▶ [Task to carry out]
Print the full set of records below, character for character and picture-free.

▶ [Data for review]
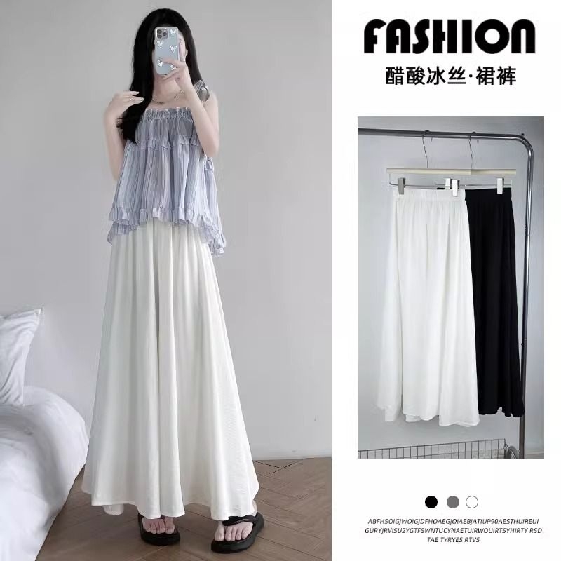 Culottes Women’s Summer Thin 2024 New A- Line Half-length Skirt Spring and Autumn Fairy Small Draps Wide Leg Skirt
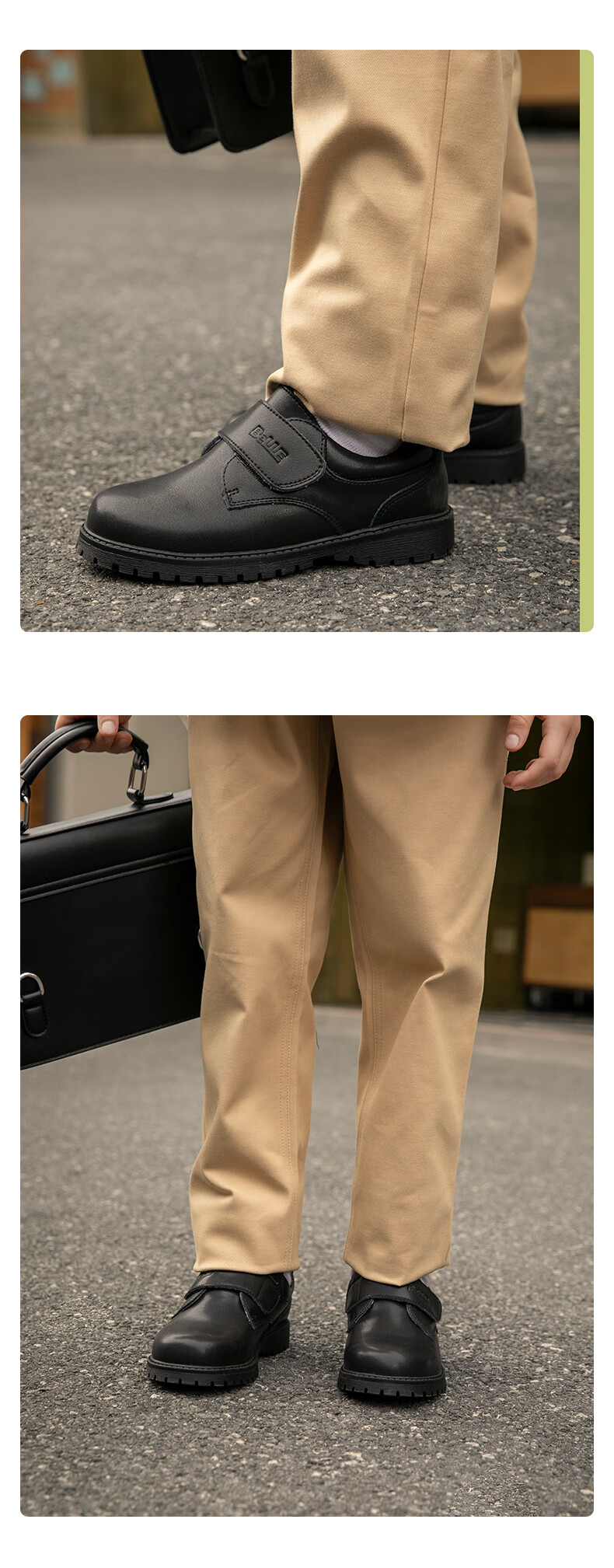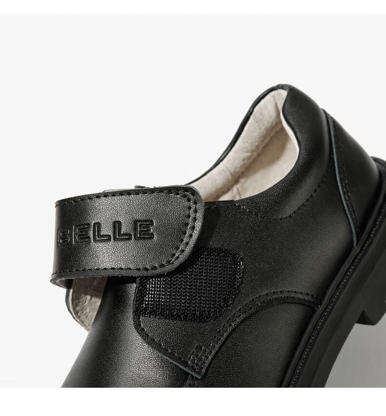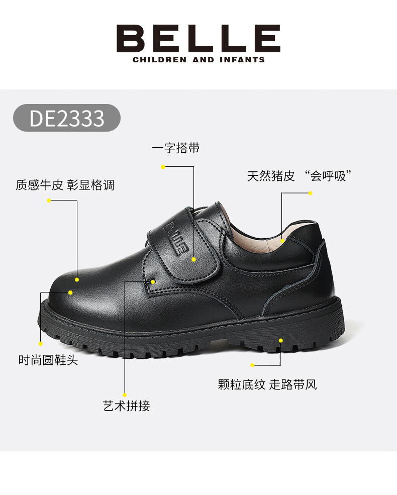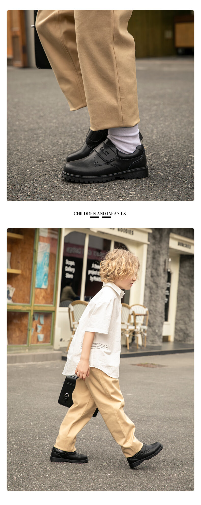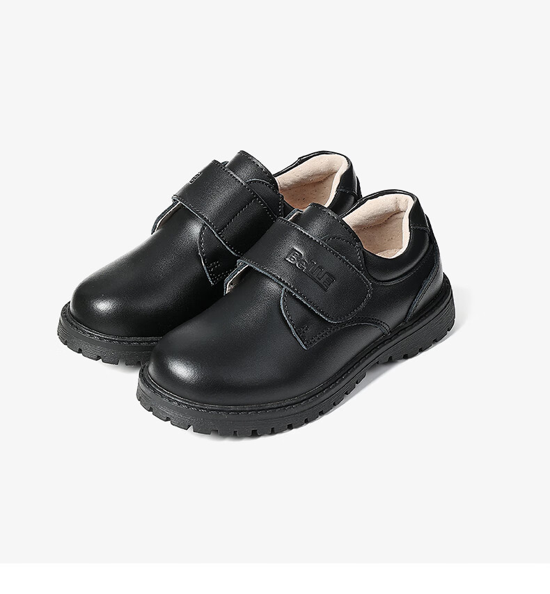 Belle children's shoes boys leather shoes cowhide student performance shoes boys performance shoes spring and autumn single shoes for middle and large children black 32
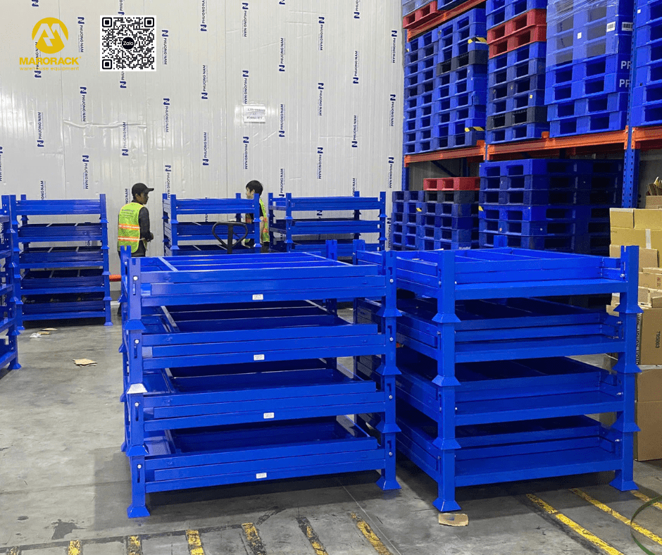 👉 Nói cách khác: Nestainer là sự kết hợp giữa pallet và kệ chứa hàng, giúp tận dụng chiều cao kho lạnh mà vẫn dễ dàng di chuyển.
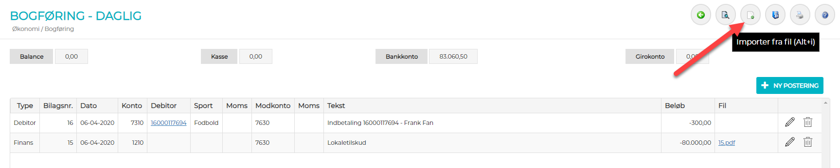 Har man en .csv, .xls eller .xlsx fil, er det muligt at importere denne til kassekladden
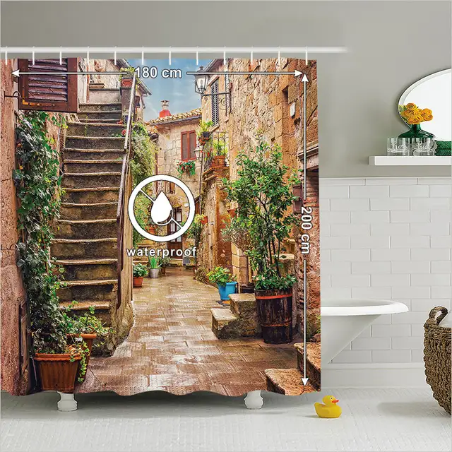 Fabric Shower Curtain Vintage Bathroom Accessories Tuscan
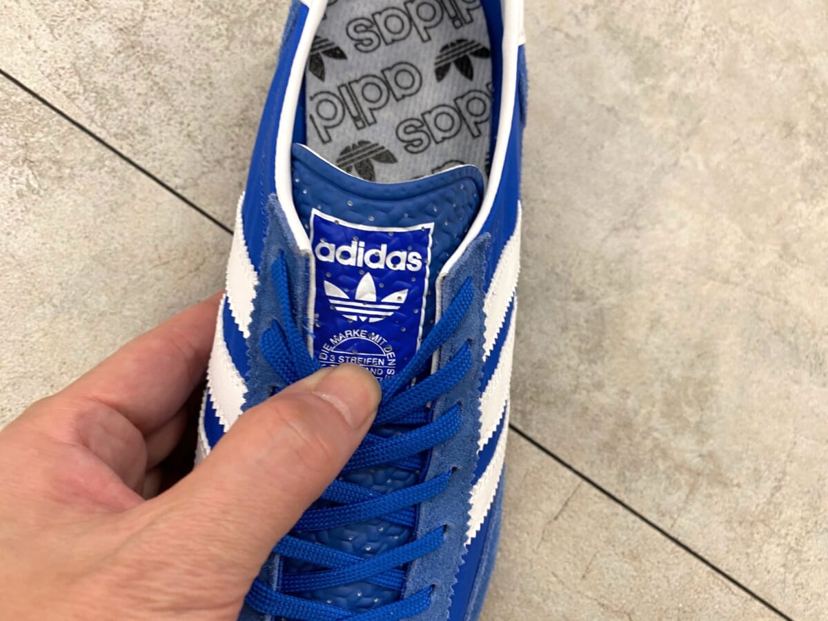 お馴染みのスリーストライプスはヴィンテージモデルならではのギザギザ仕様を採用。
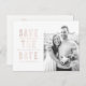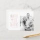 Una tarjeta de anuncio de boda simple y moderna con acentos clásicos en negro, blanco y falso rosado la hace destacar de tu foto de compromiso y envía a tus invitados la información que necesitan para planificar con anticipación tu celebración de boda con un monograma chic de la pareja dentro de anillos de boda entrelazados. ¡El texto fácil de personalizar hace que esta tarjeta postal sea una elección inteligente!
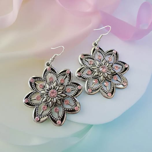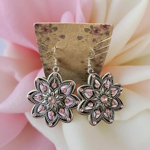 Sold outBRASS PINK FLOWER MINI EARRINGS

▶ [Task output]
 Culottes Women’s Summer Thin 2024 New A- Line Half-length Skirt Spring and Autumn Fairy Small Draps Wide Leg Skirt
 Belle children's shoes boys leather shoes cowhide student performance shoes boys performance shoes spring and autumn single shoes for middle and large children black 32
 👉 Nói cách khác: Nestainer là sự kết hợp giữa pallet và kệ chứa hàng, giúp tận dụng chiều cao kho lạnh mà vẫn dễ dàng di chuyển.
 Har man en .csv, .xls eller .xlsx fil, er det muligt at importere denne til kassekladden
 Fabric Shower Curtain Vintage Bathroom Accessories Tuscan
 お馴染みのスリーストライプスはヴィンテージモデルならではのギザギザ仕様を採用。
 Una tarjeta de anuncio de boda simple y moderna con acentos clásicos en negro, blanco y falso rosado la hace destacar de tu foto de compromiso y envía a tus invitados la información que necesitan para planificar con anticipación tu celebración de boda con un monograma chic de la pareja dentro de anillos de boda entrelazados. ¡El texto fácil de personalizar hace que esta tarjeta postal sea una elección inteligente!
 Sold outBRASS PINK FLOWER MINI EARRINGS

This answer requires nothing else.